(Collected data)
* * * * * * * * *
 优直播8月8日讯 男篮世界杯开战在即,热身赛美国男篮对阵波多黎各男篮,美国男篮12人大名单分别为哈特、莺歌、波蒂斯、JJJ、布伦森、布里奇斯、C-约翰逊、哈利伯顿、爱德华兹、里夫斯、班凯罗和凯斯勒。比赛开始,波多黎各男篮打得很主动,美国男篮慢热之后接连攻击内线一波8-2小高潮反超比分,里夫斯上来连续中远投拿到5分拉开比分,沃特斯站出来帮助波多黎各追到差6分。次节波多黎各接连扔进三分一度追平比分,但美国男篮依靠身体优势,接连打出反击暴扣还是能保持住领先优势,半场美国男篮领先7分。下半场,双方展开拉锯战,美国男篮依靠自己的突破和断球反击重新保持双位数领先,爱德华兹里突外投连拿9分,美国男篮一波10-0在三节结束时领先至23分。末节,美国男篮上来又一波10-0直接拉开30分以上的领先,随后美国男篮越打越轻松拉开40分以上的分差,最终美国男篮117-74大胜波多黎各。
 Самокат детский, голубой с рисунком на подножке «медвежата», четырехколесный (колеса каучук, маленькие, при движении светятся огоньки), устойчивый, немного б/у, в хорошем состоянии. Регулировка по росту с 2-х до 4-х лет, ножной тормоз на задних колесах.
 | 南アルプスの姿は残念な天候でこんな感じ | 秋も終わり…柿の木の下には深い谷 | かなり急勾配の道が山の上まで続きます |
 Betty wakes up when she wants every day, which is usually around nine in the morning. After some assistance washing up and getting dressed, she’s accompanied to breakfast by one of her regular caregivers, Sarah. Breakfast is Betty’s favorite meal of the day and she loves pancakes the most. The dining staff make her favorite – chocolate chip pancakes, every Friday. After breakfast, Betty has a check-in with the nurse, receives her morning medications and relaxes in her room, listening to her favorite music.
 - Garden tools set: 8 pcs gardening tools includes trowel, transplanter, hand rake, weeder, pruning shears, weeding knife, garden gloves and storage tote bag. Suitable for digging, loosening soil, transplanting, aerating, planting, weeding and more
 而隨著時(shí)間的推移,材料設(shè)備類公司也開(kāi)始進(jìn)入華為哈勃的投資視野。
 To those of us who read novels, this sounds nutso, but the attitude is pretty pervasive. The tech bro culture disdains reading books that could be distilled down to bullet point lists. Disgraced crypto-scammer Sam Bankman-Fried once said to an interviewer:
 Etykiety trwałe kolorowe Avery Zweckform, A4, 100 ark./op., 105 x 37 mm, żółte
* * * * * * * * *
§ **Your assignment**
All lines from the one containing "而隨著時(shí)間的推移,材料設(sh" down to the final line above are to be restated word for word; leave out the rest.

§ **Response area**
 而隨著時(shí)間的推移,材料設(shè)備類公司也開(kāi)始進(jìn)入華為哈勃的投資視野。
 To those of us who read novels, this sounds nutso, but the attitude is pretty pervasive. The tech bro culture disdains reading books that could be distilled down to bullet point lists. Disgraced crypto-scammer Sam Bankman-Fried once said to an interviewer:
 Etykiety trwałe kolorowe Avery Zweckform, A4, 100 ark./op., 105 x 37 mm, żółte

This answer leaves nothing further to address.